(Stored entries)
- - - - -

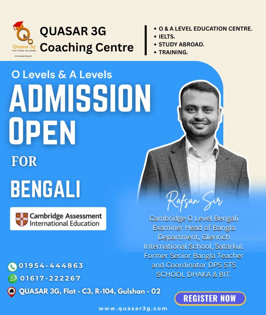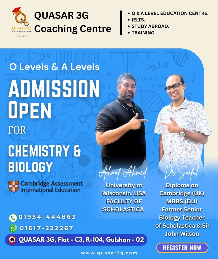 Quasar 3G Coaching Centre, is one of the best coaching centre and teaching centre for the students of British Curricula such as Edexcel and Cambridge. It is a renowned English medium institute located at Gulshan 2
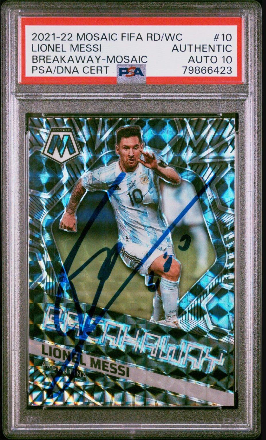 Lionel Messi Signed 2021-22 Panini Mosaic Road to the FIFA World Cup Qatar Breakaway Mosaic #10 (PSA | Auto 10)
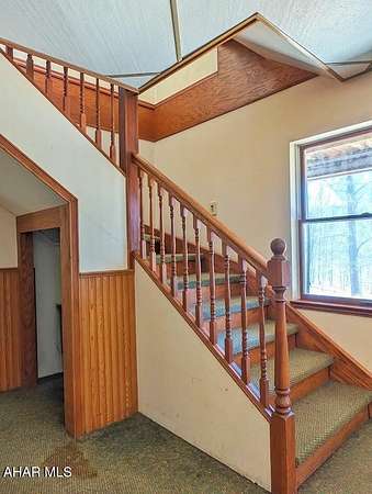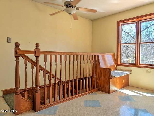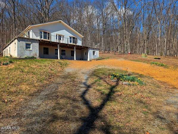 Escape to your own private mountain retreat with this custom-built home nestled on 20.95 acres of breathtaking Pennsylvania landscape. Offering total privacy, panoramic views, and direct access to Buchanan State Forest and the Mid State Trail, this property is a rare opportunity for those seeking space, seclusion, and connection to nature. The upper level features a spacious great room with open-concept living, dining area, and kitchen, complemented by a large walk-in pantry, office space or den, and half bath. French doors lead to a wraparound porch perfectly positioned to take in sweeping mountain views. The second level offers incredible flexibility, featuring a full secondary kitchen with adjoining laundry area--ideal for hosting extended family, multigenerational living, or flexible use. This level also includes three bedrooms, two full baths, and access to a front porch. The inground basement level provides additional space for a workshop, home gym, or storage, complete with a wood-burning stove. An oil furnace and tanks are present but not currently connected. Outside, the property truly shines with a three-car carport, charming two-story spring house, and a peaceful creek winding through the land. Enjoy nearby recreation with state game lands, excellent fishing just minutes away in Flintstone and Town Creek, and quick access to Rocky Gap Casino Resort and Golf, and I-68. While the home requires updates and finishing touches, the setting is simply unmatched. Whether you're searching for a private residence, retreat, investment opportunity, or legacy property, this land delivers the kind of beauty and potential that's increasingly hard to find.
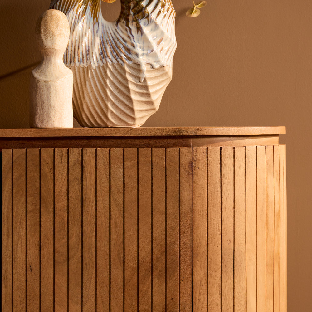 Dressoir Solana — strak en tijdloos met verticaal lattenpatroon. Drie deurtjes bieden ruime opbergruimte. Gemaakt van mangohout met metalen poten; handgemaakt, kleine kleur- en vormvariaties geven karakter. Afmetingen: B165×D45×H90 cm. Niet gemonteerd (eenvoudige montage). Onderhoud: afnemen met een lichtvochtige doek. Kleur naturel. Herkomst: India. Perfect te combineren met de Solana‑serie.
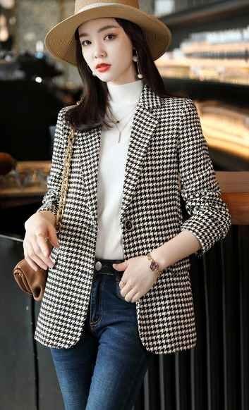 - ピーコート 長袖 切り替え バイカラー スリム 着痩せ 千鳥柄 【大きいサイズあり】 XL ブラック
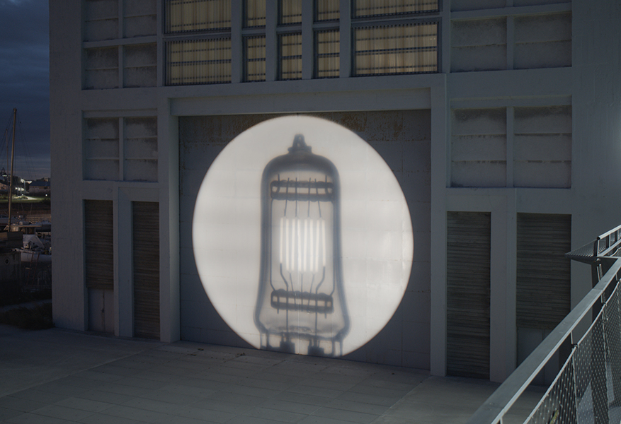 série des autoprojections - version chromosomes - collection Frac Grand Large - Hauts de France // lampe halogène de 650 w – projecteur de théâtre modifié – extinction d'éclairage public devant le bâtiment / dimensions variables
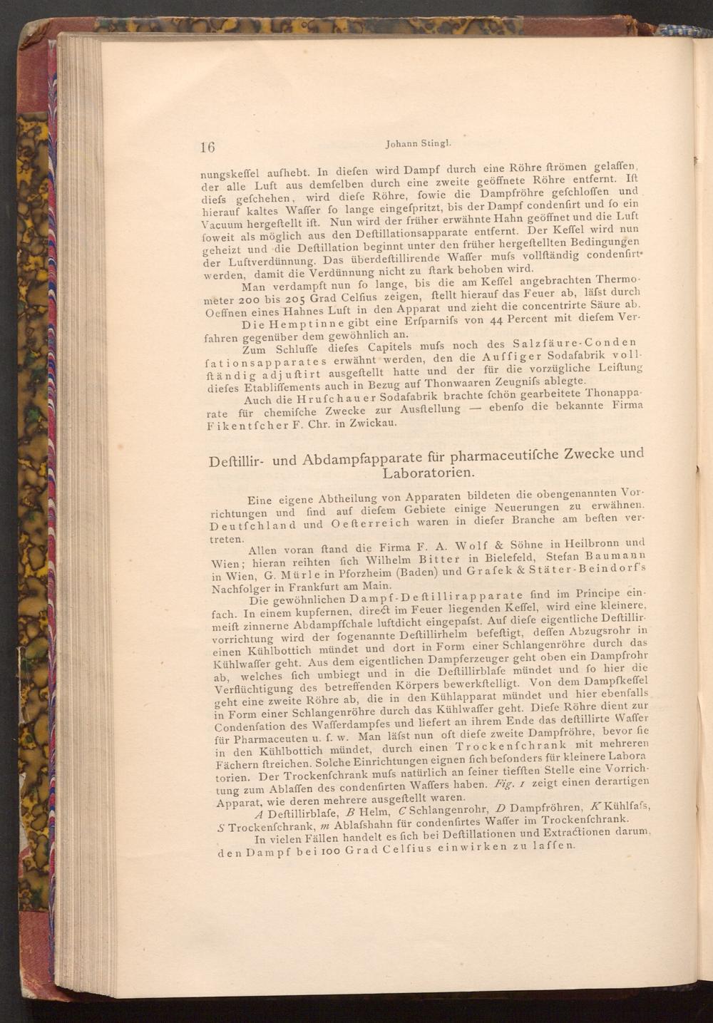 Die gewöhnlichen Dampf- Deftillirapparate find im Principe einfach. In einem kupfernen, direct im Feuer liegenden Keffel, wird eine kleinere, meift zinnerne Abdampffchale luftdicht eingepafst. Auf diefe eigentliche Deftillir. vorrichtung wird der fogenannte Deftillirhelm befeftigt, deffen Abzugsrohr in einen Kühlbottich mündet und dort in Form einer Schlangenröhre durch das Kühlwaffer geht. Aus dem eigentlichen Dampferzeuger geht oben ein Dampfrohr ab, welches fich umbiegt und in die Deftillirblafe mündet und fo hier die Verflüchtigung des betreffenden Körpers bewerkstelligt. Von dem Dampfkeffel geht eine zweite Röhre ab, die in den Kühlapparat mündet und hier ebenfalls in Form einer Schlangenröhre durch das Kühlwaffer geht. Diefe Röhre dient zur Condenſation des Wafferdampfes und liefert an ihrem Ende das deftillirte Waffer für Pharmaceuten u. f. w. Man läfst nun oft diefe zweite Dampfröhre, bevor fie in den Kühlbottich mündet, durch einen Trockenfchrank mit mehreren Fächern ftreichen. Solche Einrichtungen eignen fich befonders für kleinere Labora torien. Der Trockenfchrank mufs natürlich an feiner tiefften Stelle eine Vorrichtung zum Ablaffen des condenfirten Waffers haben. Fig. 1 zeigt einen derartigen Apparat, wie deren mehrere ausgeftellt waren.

- - - - -

Reproduce every entry exactly; images stay out.

 Quasar 3G Coaching Centre, is one of the best coaching centre and teaching centre for the students of British Curricula such as Edexcel and Cambridge. It is a renowned English medium institute located at Gulshan 2
 Lionel Messi Signed 2021-22 Panini Mosaic Road to the FIFA World Cup Qatar Breakaway Mosaic #10 (PSA | Auto 10)
 Escape to your own private mountain retreat with this custom-built home nestled on 20.95 acres of breathtaking Pennsylvania landscape. Offering total privacy, panoramic views, and direct access to Buchanan State Forest and the Mid State Trail, this property is a rare opportunity for those seeking space, seclusion, and connection to nature. The upper level features a spacious great room with open-concept living, dining area, and kitchen, complemented by a large walk-in pantry, office space or den, and half bath. French doors lead to a wraparound porch perfectly positioned to take in sweeping mountain views. The second level offers incredible flexibility, featuring a full secondary kitchen with adjoining laundry area--ideal for hosting extended family, multigenerational living, or flexible use. This level also includes three bedrooms, two full baths, and access to a front porch. The inground basement level provides additional space for a workshop, home gym, or storage, complete with a wood-burning stove. An oil furnace and tanks are present but not currently connected. Outside, the property truly shines with a three-car carport, charming two-story spring house, and a peaceful creek winding through the land. Enjoy nearby recreation with state game lands, excellent fishing just minutes away in Flintstone and Town Creek, and quick access to Rocky Gap Casino Resort and Golf, and I-68. While the home requires updates and finishing touches, the setting is simply unmatched. Whether you're searching for a private residence, retreat, investment opportunity, or legacy property, this land delivers the kind of beauty and potential that's increasingly hard to find.
 Dressoir Solana — strak en tijdloos met verticaal lattenpatroon. Drie deurtjes bieden ruime opbergruimte. Gemaakt van mangohout met metalen poten; handgemaakt, kleine kleur- en vormvariaties geven karakter. Afmetingen: B165×D45×H90 cm. Niet gemonteerd (eenvoudige montage). Onderhoud: afnemen met een lichtvochtige doek. Kleur naturel. Herkomst: India. Perfect te combineren met de Solana‑serie.
 - ピーコート 長袖 切り替え バイカラー スリム 着痩せ 千鳥柄 【大きいサイズあり】 XL ブラック
 série des autoprojections - version chromosomes - collection Frac Grand Large - Hauts de France // lampe halogène de 650 w – projecteur de théâtre modifié – extinction d'éclairage public devant le bâtiment / dimensions variables
 Die gewöhnlichen Dampf- Deftillirapparate find im Principe einfach. In einem kupfernen, direct im Feuer liegenden Keffel, wird eine kleinere, meift zinnerne Abdampffchale luftdicht eingepafst. Auf diefe eigentliche Deftillir. vorrichtung wird der fogenannte Deftillirhelm befeftigt, deffen Abzugsrohr in einen Kühlbottich mündet und dort in Form einer Schlangenröhre durch das Kühlwaffer geht. Aus dem eigentlichen Dampferzeuger geht oben ein Dampfrohr ab, welches fich umbiegt und in die Deftillirblafe mündet und fo hier die Verflüchtigung des betreffenden Körpers bewerkstelligt. Von dem Dampfkeffel geht eine zweite Röhre ab, die in den Kühlapparat mündet und hier ebenfalls in Form einer Schlangenröhre durch das Kühlwaffer geht. Diefe Röhre dient zur Condenſation des Wafferdampfes und liefert an ihrem Ende das deftillirte Waffer für Pharmaceuten u. f. w. Man läfst nun oft diefe zweite Dampfröhre, bevor fie in den Kühlbottich mündet, durch einen Trockenfchrank mit mehreren Fächern ftreichen. Solche Einrichtungen eignen fich befonders für kleinere Labora torien. Der Trockenfchrank mufs natürlich an feiner tiefften Stelle eine Vorrichtung zum Ablaffen des condenfirten Waffers haben. Fig. 1 zeigt einen derartigen Apparat, wie deren mehrere ausgeftellt waren.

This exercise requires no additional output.